In Jerre Mangione's book Mount Allegro, he describes his first visit to Sicily and the same mixture of skin colors, eyes, hair as in Rochester. Sicily is so close to Africa, so...Mangione also mentions that Saint Calergo, the patron saint, might have been African. My cousin Chick gets very dark in the summer. One aunt has reddish hair, and my grandfather Bissi has his mustache described as "chestnut" (in Italian documents). I had a little in mine. Now Stan had really red hair and his sister blond hair, but their father was Polish; Aunt Carrie has red hair though, and one niece (out of seven girls and five boys of Uncle Sammy's kids) has reddish, like you said, auburn colored hair.

Did you ever have the orange salad we called Insalata del Morte?
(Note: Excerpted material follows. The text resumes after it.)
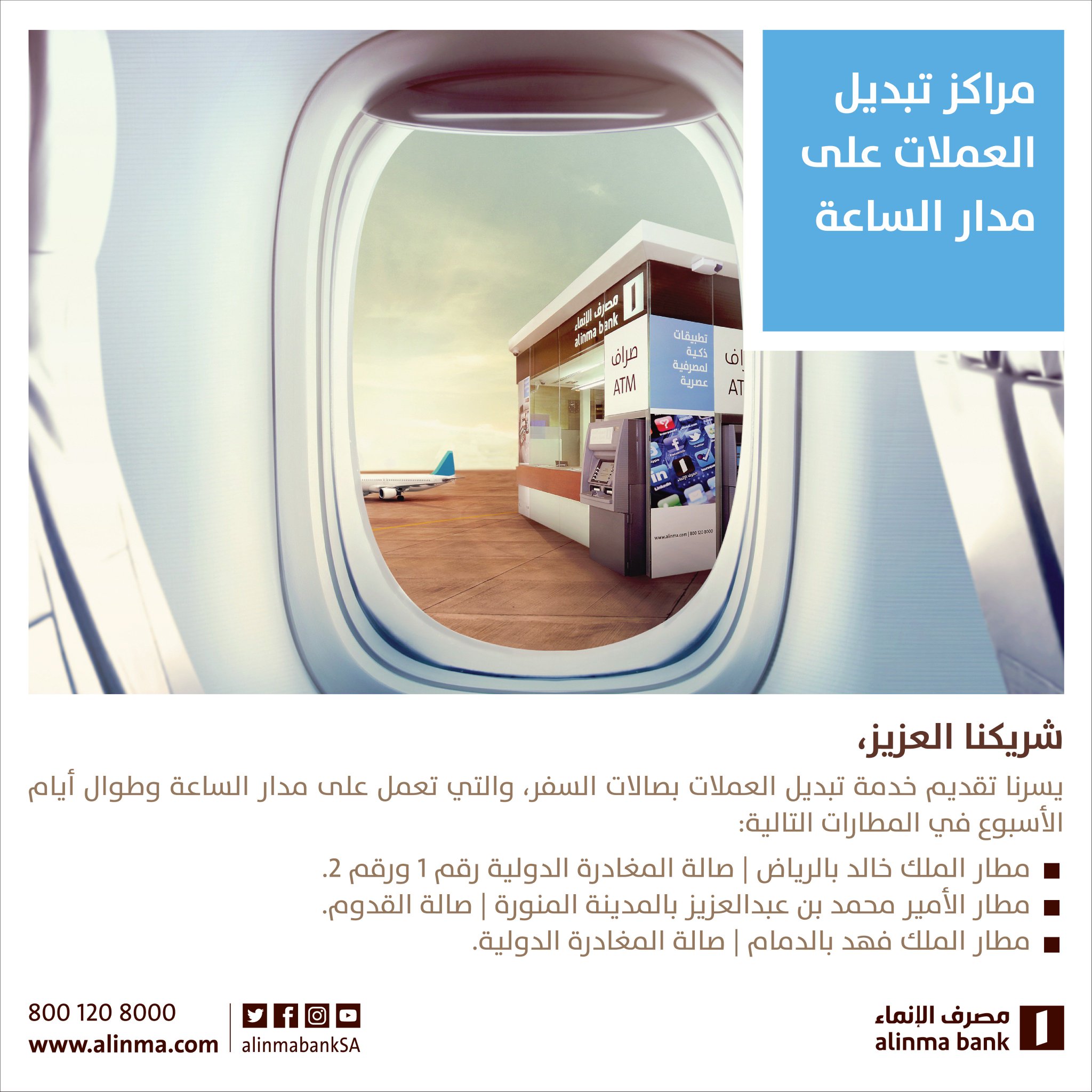 مصرف الإنماء On Twitter خدمات الإنماء خدمة تبديل العملات من مصرف الإنماء متوفرة الآن على مدار الساعة وطوال أيام الأسبوع في مطار الملك خالد بالرياض ومطار الأمير محمد بن عبدالعزيز بالمدينة المنورة ومطار الملك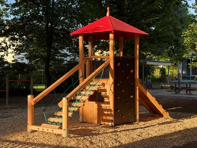 Im hinteren Bereich gibt es ein Kletterhaus, eine Doppelschaukel und Reck.

We don't tell non-Italians that until after they try it, like with calamare. But it's so good, we have it on all holidays. Yet Stan never had it until last year when he ate with us. Just sliced oranges sprinkled with olive oil and black pepper; a little sugar if they are not sweet enough. Into the fridge and serve for dinner.

Rosie,

Carole's puppy is now conditioned to associate the almond cake with punishment, so he's going to run. Sometimes, you just think "Aw they're not going to do anything."

What happened to the cat you were looking at in another topic? Now I'm worried about it. And I would like to see another pic of your cat, with the tail. White cat with black tail. Also what are those green things on his head?

4:43 am again! Goodnight..

Dave

And what does "olive skin" mean? I keep thinking of green or black and the military olive drab.